▶ Required work
In the entries below, find the line with "To analyze the" and the line with "4月1日,小朋友在贵州省贵阳". Reproduce those two lines and every line between them exactly, and nothing more.

▶ Given data
• • • • •
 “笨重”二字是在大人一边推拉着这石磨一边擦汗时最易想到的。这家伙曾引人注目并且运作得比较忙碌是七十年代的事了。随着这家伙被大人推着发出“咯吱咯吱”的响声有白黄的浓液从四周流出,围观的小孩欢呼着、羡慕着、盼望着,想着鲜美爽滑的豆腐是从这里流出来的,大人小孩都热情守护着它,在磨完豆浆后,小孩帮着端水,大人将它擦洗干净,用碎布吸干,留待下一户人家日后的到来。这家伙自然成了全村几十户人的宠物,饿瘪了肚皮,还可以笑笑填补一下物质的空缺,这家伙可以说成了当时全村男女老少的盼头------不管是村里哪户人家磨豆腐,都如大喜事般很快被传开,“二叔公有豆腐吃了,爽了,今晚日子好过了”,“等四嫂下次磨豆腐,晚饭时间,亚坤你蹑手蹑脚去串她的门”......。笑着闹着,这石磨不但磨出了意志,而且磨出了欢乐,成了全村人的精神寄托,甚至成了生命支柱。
• • • • •
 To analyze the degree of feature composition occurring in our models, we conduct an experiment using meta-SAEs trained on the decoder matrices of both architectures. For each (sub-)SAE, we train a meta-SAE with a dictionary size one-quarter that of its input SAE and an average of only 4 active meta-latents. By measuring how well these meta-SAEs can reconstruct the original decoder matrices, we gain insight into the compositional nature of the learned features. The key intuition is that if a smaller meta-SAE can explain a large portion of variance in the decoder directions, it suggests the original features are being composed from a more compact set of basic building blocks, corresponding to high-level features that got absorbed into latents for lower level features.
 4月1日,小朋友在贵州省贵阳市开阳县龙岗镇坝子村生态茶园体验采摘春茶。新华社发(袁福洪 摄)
• • • • •
▶ Answer to this exercise
 To analyze the degree of feature composition occurring in our models, we conduct an experiment using meta-SAEs trained on the decoder matrices of both architectures. For each (sub-)SAE, we train a meta-SAE with a dictionary size one-quarter that of its input SAE and an average of only 4 active meta-latents. By measuring how well these meta-SAEs can reconstruct the original decoder matrices, we gain insight into the compositional nature of the learned features. The key intuition is that if a smaller meta-SAE can explain a large portion of variance in the decoder directions, it suggests the original features are being composed from a more compact set of basic building blocks, corresponding to high-level features that got absorbed into latents for lower level features.
 4月1日,小朋友在贵州省贵阳市开阳县龙岗镇坝子村生态茶园体验采摘春茶。新华社发(袁福洪 摄)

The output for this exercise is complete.